“Into The Light” Reflection by Brianna Bovill

“Into The Light” Reflection by Brianna Bovill

What is nature? According to Edward Munch “Nature is not only all that is visible to the eye… it also includes the inner pictures of the soul.” This quote chosen by curator, Jamaal Eversley, defines the exhibit as an expression of nature, the spiritual, and “the human tendency to reach for the light in the darkest of times.” This gallery brought together two artist, M.C. Mendez and Fritz Ducheine, a pair that could not be more fundamentally different, but both with bodies of work defined by the comfort of looking to nature to understand ourselves and an overarching message of empathy and hope.

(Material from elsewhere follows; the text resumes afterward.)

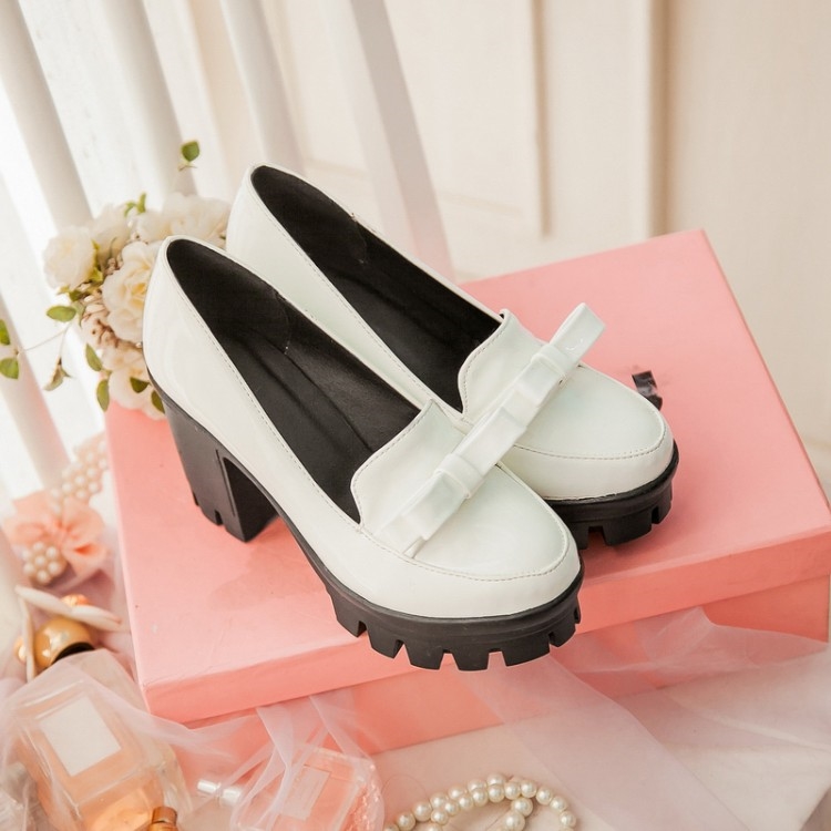 Universal bright patent leather large size pseudo-mother cos shoes thick high-heeled shoes cd cross-dressing women's clothing gangster supplies Lolita

Fritz’s Ducheine’s work shows the connection he draws between men’s connection to nature and a peaceful world. In “Reincarnation of Queen Anakaona”, Ducheine had a vision of a haitian chieftess and poet Anakaona. In the land that pre-dates modern Haiti, men had an agricultural tribal lifestyle and according to Ducheine lived peacefully because “nature gave them everything they needed to be free. When we learn to live with nature, it will gently embrace us.” Like Ducheine, sometimes all we have is a vision, that the peace is in our minds but the pain around us keeps us from realizing it. The power is knowing within us, we hold the ability to be free. The artist says to reckon with our spirituality, we have to see the significance of the ant, to see how we are part of nature’s peaceful fullness. Ducheine’s uses these convictions to open his mind and when he closes his eyes he has visions. He sees great figures in history and passes down their message of peace. He sees the world inside of a tree, and the freedom of birds, and transmutes it onto canvas. 

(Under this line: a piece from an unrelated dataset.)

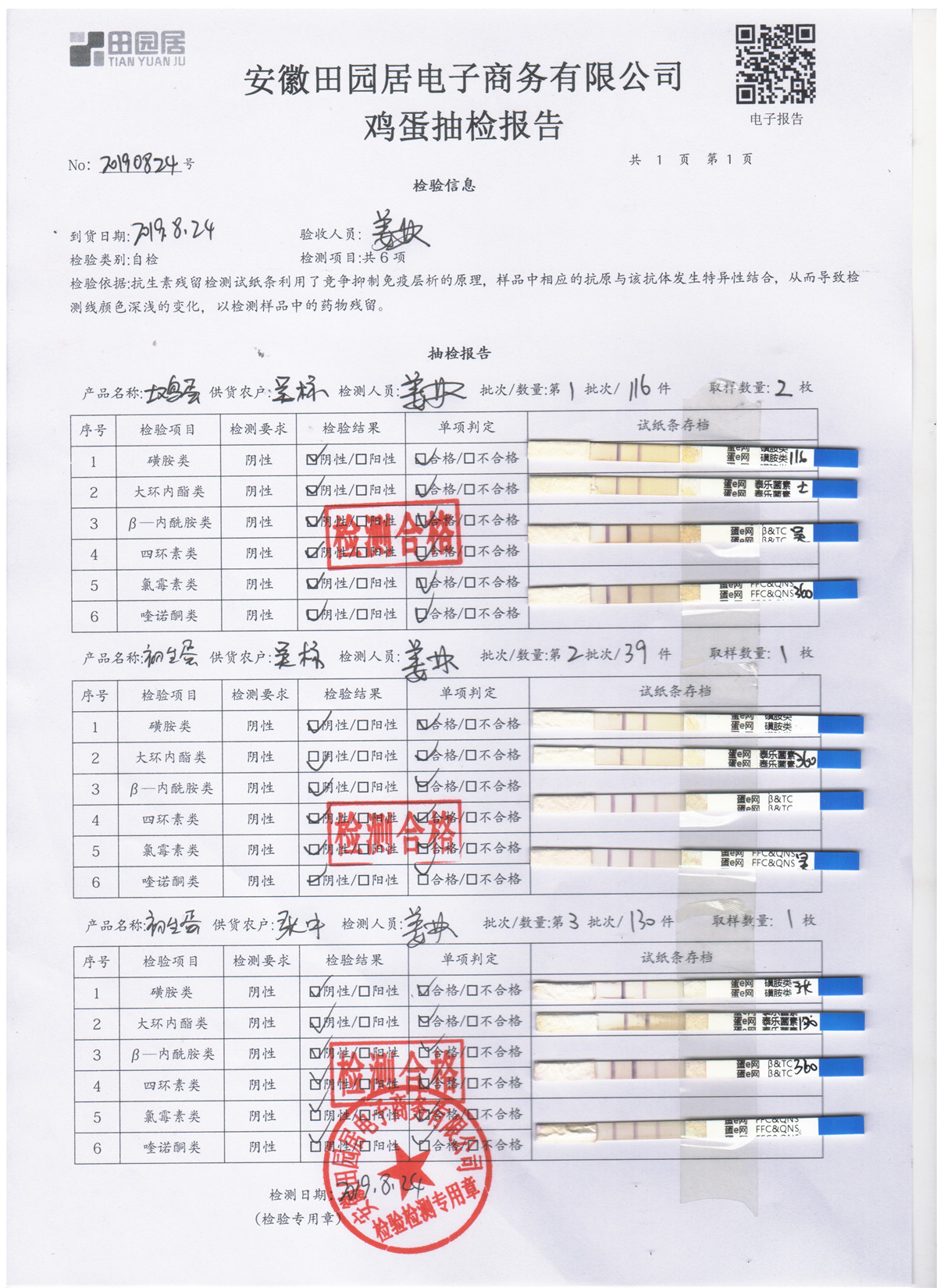2019年8月24日鸡蛋自检报告

Mendez too looks to nature for solace. In her work “Ladder Collage,” a figure is seen gazing through a window at the moon. Behind her is another curled in pain, writhing in confusion wrapped in a net. This piece is about the artist’s grappling with the pain and confusion throughout the healing of a head injury in a landscape of spiritual interim. She is compassionately viewing the process of going on and surviving by simply understanding the phases of growth by gazing at a full moon. The moon that guides all of nature and is a symbol to humanity of continuity and persistence. Mendez offers her figures a ladder, a symbolic gesture of climbing out. She inspires empathy by allowing her figures honest repose depicting the model’s natural expression of their naked back vulnerable facing the viewer. In inspiring empathy for her figures, she extends compassion for herself through processing her powerlessness and by extension, all the pain realized in others. 

Simple with her words, Mendez encapsulated the meaning with a short reading of ‘Lessons’ by Rosemerry Wahtola Trummer: “How could we ever forget?

As if soil could forget

it is here to feed the trees.

As if trees could forget

they are here to feed the soil.

How could anything

ever get in the way of generosity?

Sometimes, we can only guide people out of the darkness by pointing them to the light. 

Looking at both the artists’ work featured in this exhibit, you can see one similarity in composition, vivid color on a dark background. It almost gives their visions an ominous tone, but this stylistic choice is the actuality that color stands brighter against darkness. To hope in the darkest of times and reach for the light is the realization of our spirituality.